Whatever the result, Schatz says, Steed and Utah’s war against “drugs, drinking and driving is being carried too far, eroding people’s rights to drive down the road.”
According to a Nov. 12, 2007, story by Sam Cooper in the Ogden Standard Examiner, Steed joined the UHP after graduating from Weber State University with a criminal justice degree in 2002, and started patrolling Davis and Weber counties. One man who encountered her during her first years as a trooper was Callis Sturgill. Five years later, he has yet to get over what he sees as the injustices he suffered at her hand. Born in rural Kentucky, the 62-year-old still speaks with a slow, Kentucky drawl. In her report, Steed construed that drawl as “slurred.” Sturgill says the arrest has ruined him financially.
Sturgill works for the Department of Alcoholic Beverage Control and, at that time, delivered alcohol to DABC stores. At midnight on Saturday, June 26, 2005, he was returning from his second job at a Holladay 7-Eleven, where he had just completed an exhausting nine-hour shift. A few blocks from his Clearfield house, Steed pulled him over for weaving across several lanes, although the traffic stop video shows only “some drifting side to side, just like a person does when they are tired,” Ogden-based DUI lawyer Glen Neeley noted on his Website.
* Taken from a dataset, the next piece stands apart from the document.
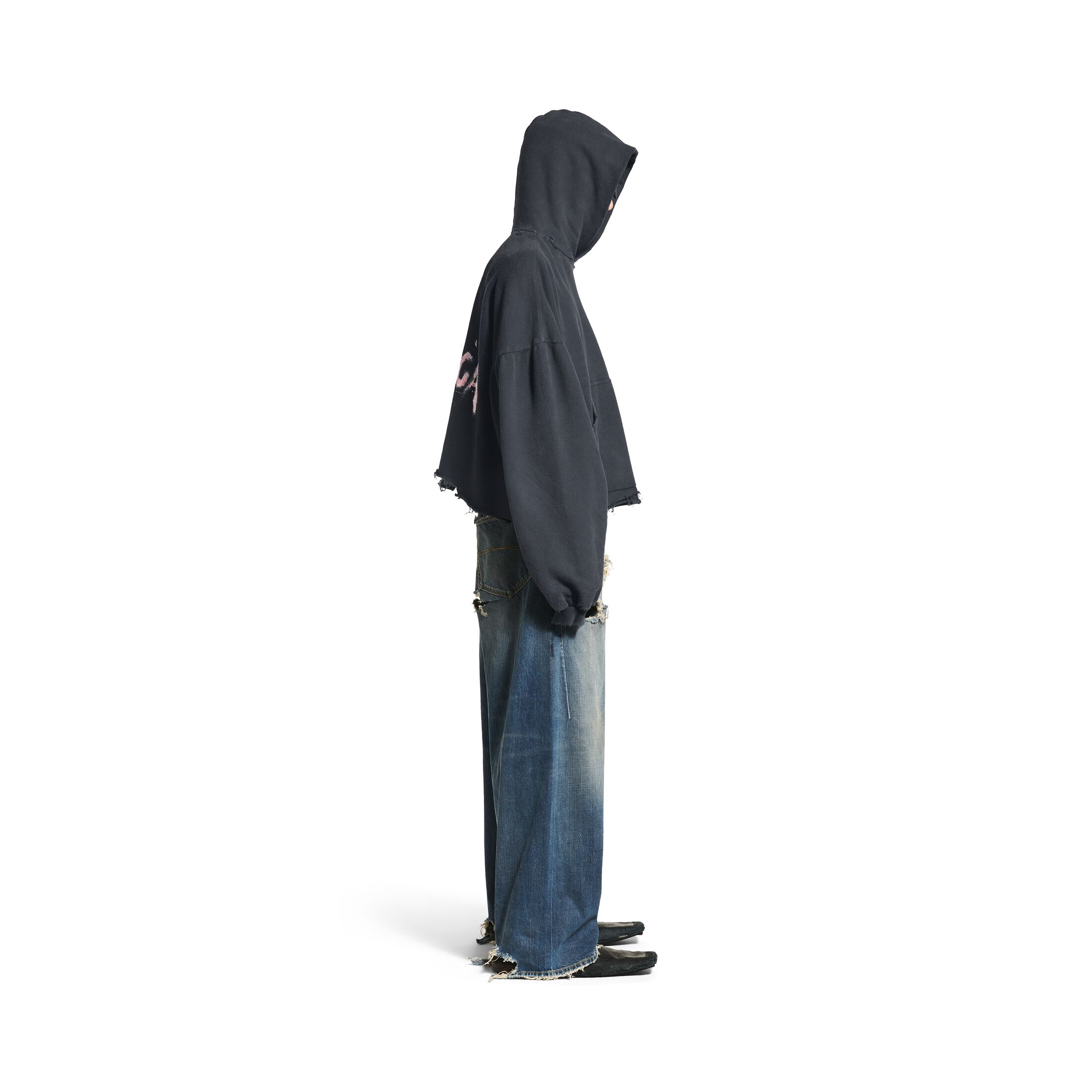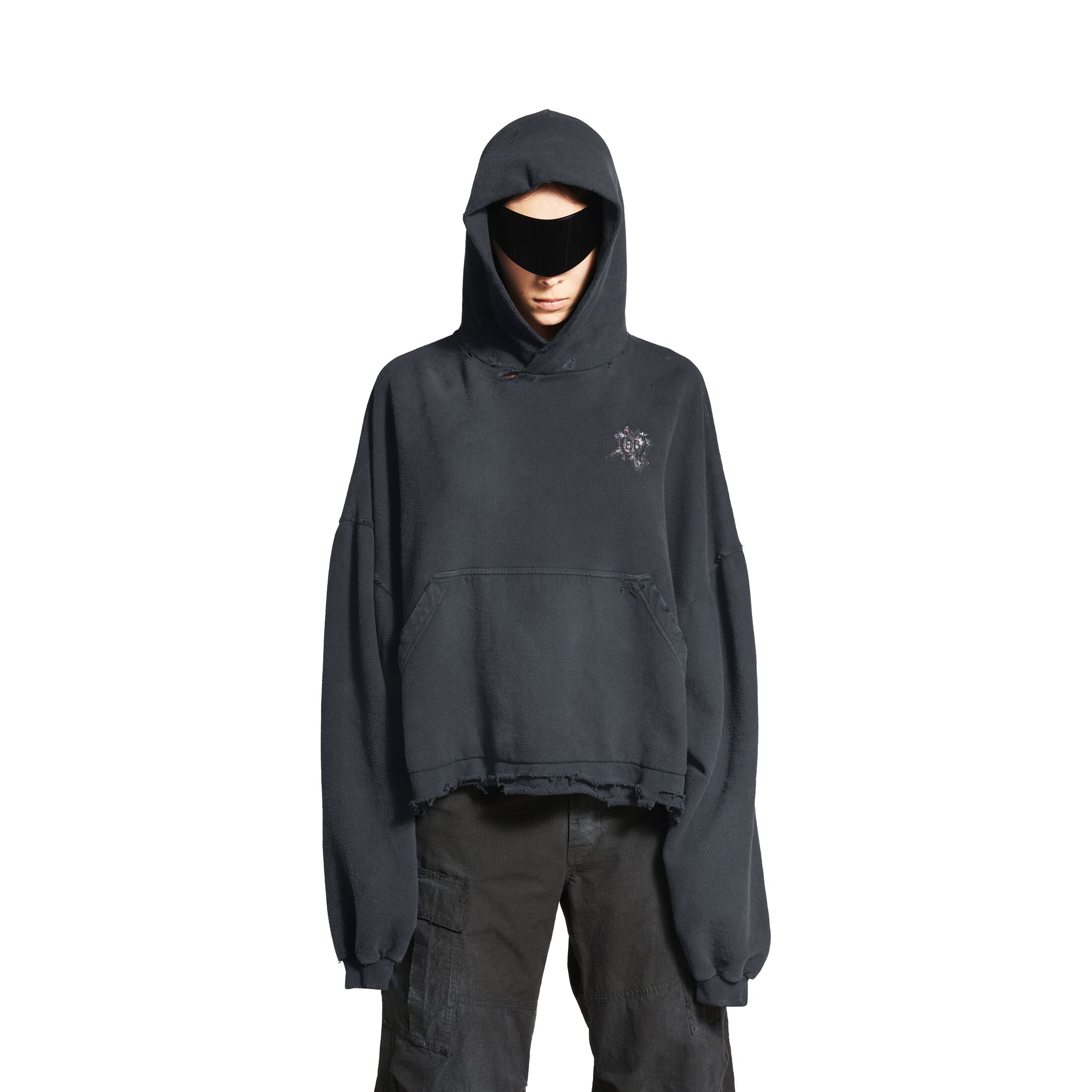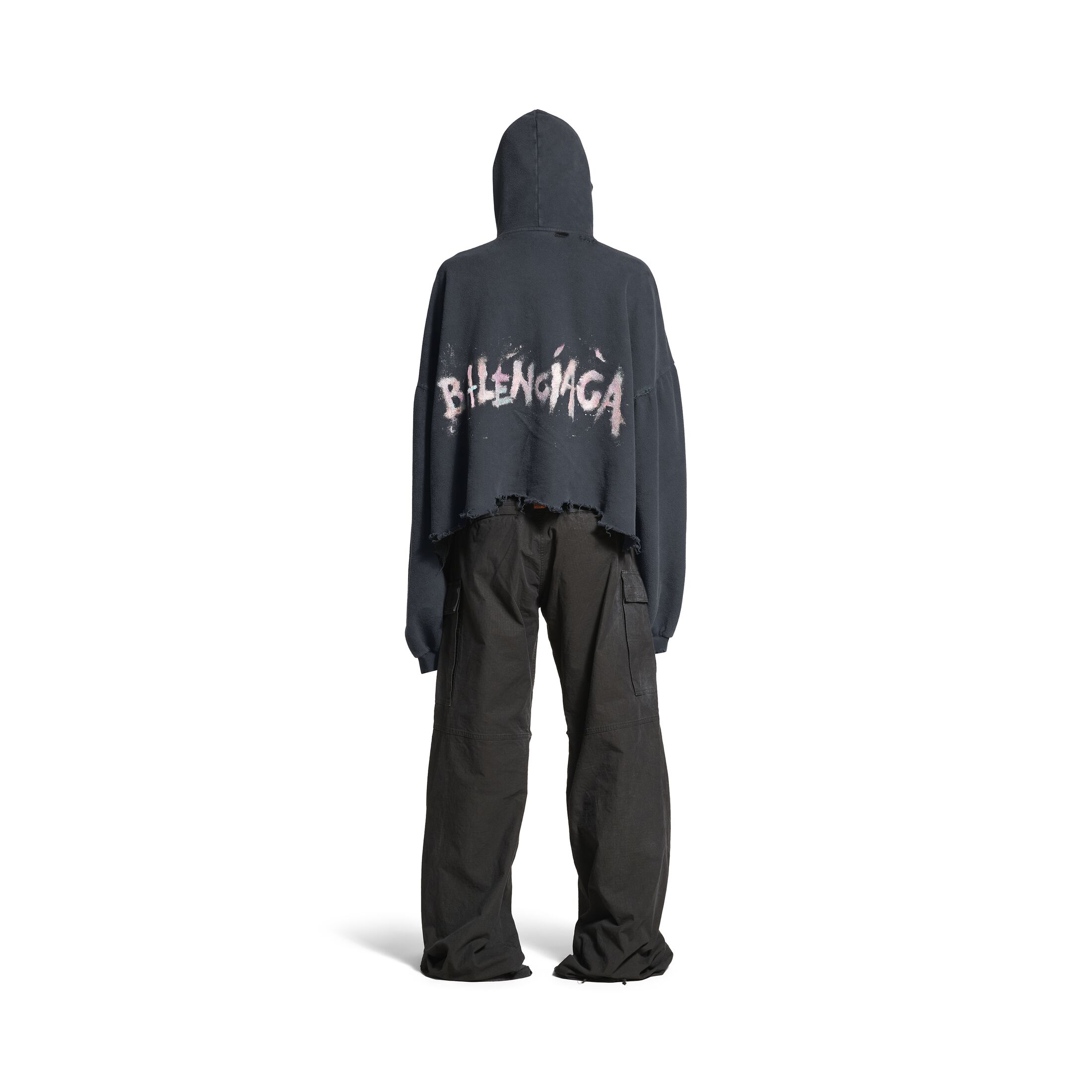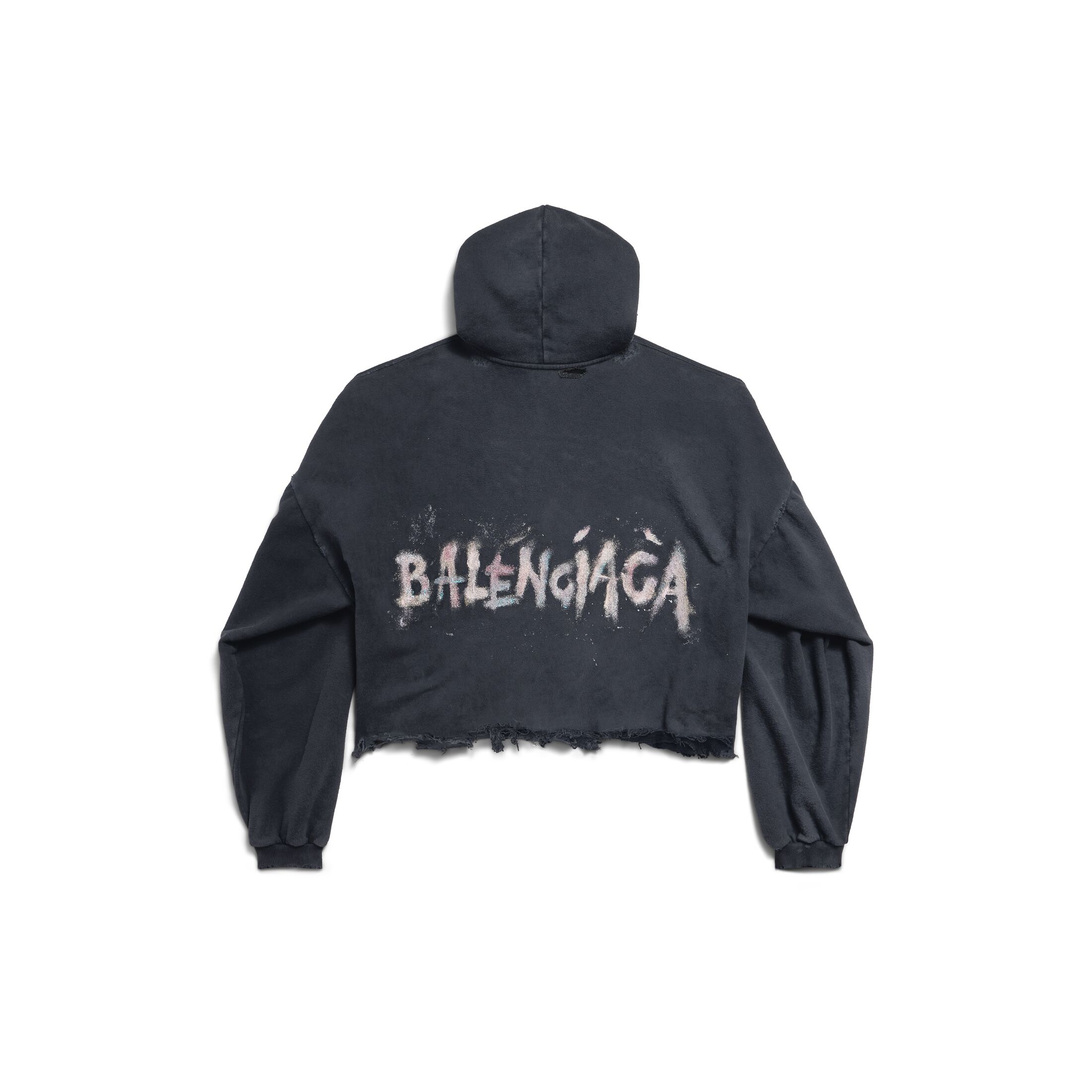 Balenciaga Nail Polish Hoodie褪色黑色短款连帽卫衣此商品支持花呗分期尺码 (法国)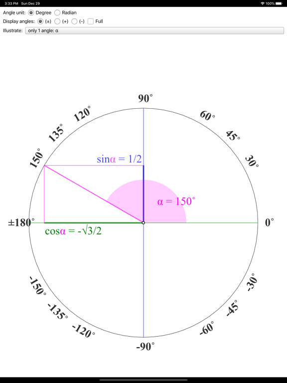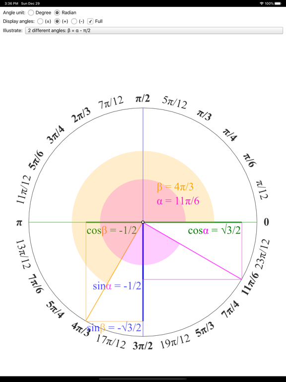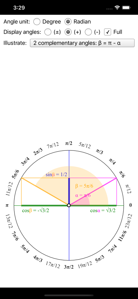 Learning trigonometry is as easy and engaging as eating a cake! - Visually display values: angle, sin, cos - Illustrating pairs of angles that are esp...

Steed took Sturgill off-camera to perform field sobriety tests “so no one can see what she did or what Sturgill did,” Neeley argued in a blog. In her report, she noted Sturgill’s poor balance and droopy eyes and that he “seemed tired.”
Steed arrested Sturgill for DUI and took him to jail, where a phlebotomist drew his blood. (According to UHP, Steed is now a licensed phlebotomist and drug-recognition expert, which means she can draw blood in the back of her cruiser). Sturgill’s subsequent toxicology report revealed no alcohol, illegal drugs or prescription drugs. Nevertheless, he had to hire a lawyer to represent him at a Department of Public Safety hearing that determined the fate of his commercial driver’s license. The subsequent dismissal of charges did not spare the LDS Church member the public humiliation of a DABC colleague approaching him with a copy of the Davis County Clipper, which had printed his DUI arrest.
Between legal fees, paying to get his car out of the impound lot and lost wages from time off work for his justice-court hearing—he pleaded guilty, but only to an improper lane-change violation—Sturgill fell behind on his car and mortgage payments and lost both his vehicle and his house. All this “because of a cop who was trying to make a name for herself and stoop to whatever means she possesses to get a DUI arrest,” he says. Steed did not respond to a request for comment regarding Sturgill’s arrest.